▶ **Work order**: Copy the listing below exactly. Pictures stay out of it.

▶ **Data shown**:

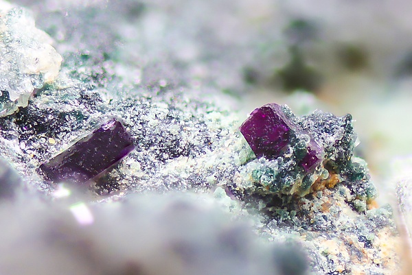 Кристаллы полупрозрачные фиолетовые, но имеют выразительный плеохроизм (от бледно-фиолетового до бледно-голубовато-серого в зависимости от угла наблюдения) и оставляют розовые полосы при натирании по ровной поверхности.
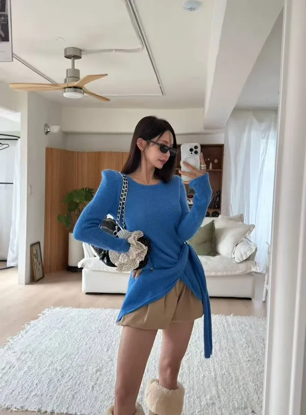 25IB19 斜交錯帶造形針織上衣 4色
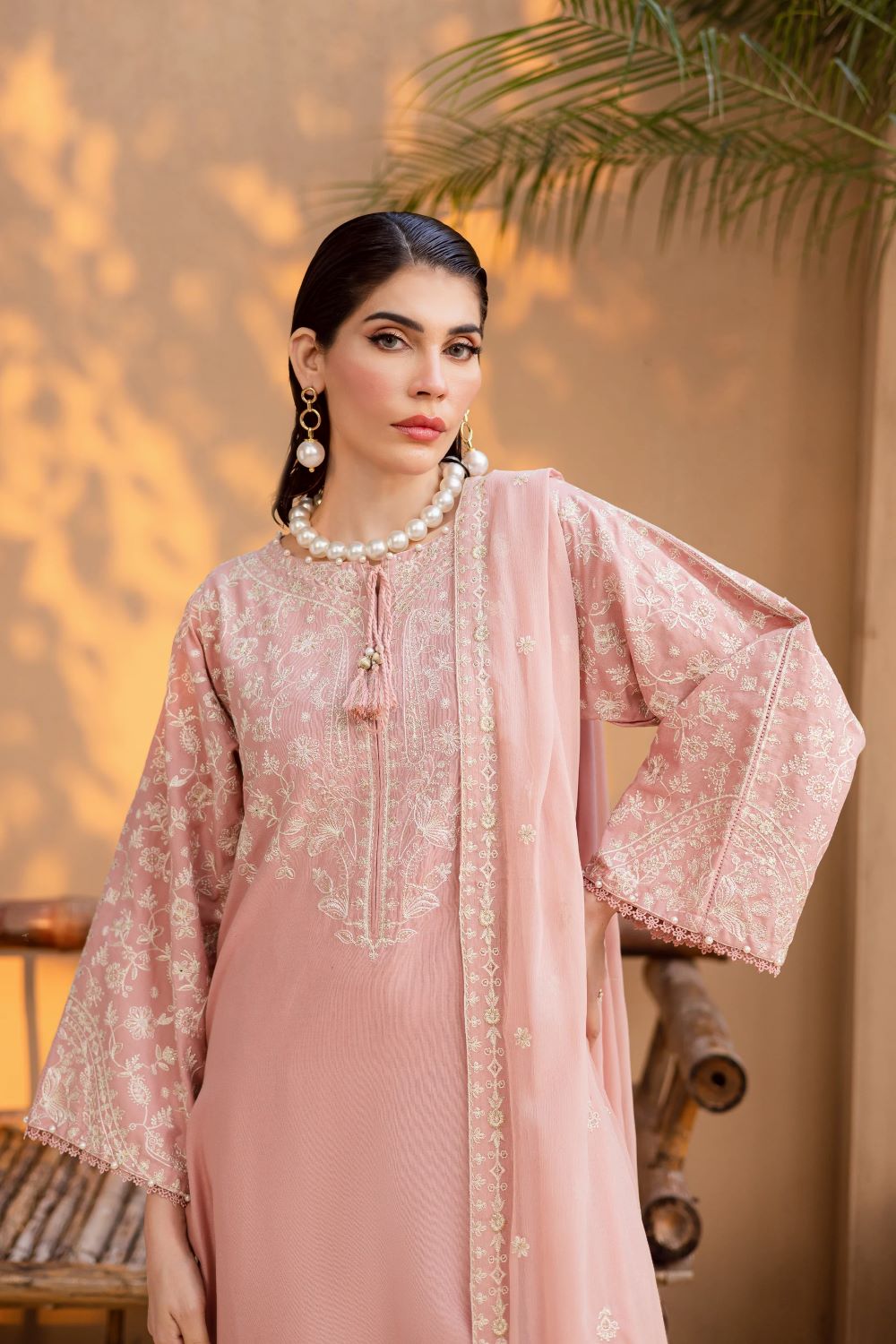 Completing the look is a delicately embroidered crinkle dupatta. Lightweight yet striking, it drapes beautifully, making the outfit versatile for festive gatherings and stylish day wear.

▶ **Solution**:
 Кристаллы полупрозрачные фиолетовые, но имеют выразительный плеохроизм (от бледно-фиолетового до бледно-голубовато-серого в зависимости от угла наблюдения) и оставляют розовые полосы при натирании по ровной поверхности.
 25IB19 斜交錯帶造形針織上衣 4色
 Completing the look is a delicately embroidered crinkle dupatta. Lightweight yet striking, it drapes beautifully, making the outfit versatile for festive gatherings and stylish day wear.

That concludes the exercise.